In part 1 of this series, we looked at Machine Learning (ML) and how it can revolutionize network analytics, but that isn’t to say it doesn’t have it’s issues. Although ML is an exciting technology that has many useful applications, ML based solutions come with a variety of new challenges.

The single largest problem with ML in network analysis is that each network is unique and, more importantly, is constantly changing. This means that once you’ve successfully trained a set of modules to recognize various conditions, you’ll probably need to do it again. This meta-level training will improve as retraining itself can be automated, but it is easy to get lured into a false sense of complacency. The classic ML error is to not maintain a validation set independently from the training data; as a result, the system appears to be nearly perfect, but really has just memorized the answers to the test. When presented with novel examples, the result is effectively random, because the network has not actually generalized anything from its inputs.

Tuning ML algorithms is still very much an art. Even simple mechanisms like logistic regression have a few hyper-parameters which must be adjusted to get valid results. Large and deep neural networks can have hundreds of parameters, and the selection of algorithm can be considered yet another.

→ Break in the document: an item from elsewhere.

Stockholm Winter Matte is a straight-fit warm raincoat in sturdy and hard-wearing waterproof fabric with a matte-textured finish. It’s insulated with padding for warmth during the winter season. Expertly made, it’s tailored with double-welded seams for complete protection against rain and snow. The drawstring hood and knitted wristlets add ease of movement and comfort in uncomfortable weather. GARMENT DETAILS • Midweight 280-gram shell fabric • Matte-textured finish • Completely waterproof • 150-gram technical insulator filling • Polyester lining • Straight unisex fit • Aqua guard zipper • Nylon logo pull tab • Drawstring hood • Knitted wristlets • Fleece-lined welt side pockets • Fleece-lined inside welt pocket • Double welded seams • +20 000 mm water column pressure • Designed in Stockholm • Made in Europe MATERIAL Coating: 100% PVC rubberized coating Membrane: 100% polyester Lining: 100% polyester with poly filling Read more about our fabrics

This means that you need skilled, knowledgeable staff, trained in data science to develop new modules, and even if you’re using off-the-shelf tools, there’s a good change you can trick yourself into thinking the system is working when it’s just spitting out pretty trash.

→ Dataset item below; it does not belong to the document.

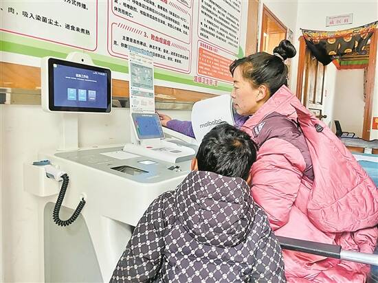 科技无远弗届,医疗可远程抵边。在派镇索松村兼职村医的次仁拉珍,小时候摔跤骨折,去拉萨的医院单程就要开车一天。现在她在村里的广东远程抵边医疗点,操作远程诊疗系统就可以为村民做健康服务,应对突发情况,解决基本慢病管理,监测用药情况。“每年还会培训两三次,家里的活也不耽误。”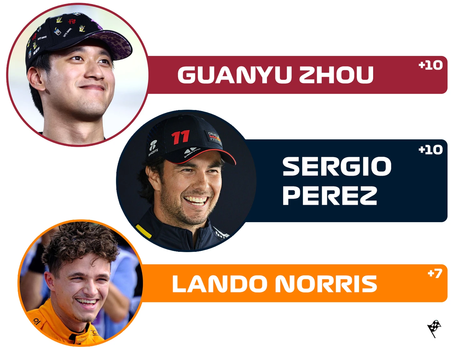 Финиш гонки преподнес свои сюрпризы. Ландо Норрис, приехавший на подиум, и Серхио Перес, с пит-лейна прорвавшийся в топ-10, - это, в целом, ожидаемый результат. А необычно здесь видеть имя Гуанью Чжоу, который мало того что оказался в призовой десятке, так еще и Переса опередил.

The fact is, machine learning is not a magic bullet that can solve any problem.  Machine learning rarely provides new insights, but what it does do well is to pay attention, relentlessly. This means if you can correctly label the training data, you can probably create a module that will do as well as the people who did the static analysis of it. This is the breakthrough difference with machine learning: humans can spend time on what they are good at – discovering and recognizing novelty—and the ML tools can perform the rote tasks.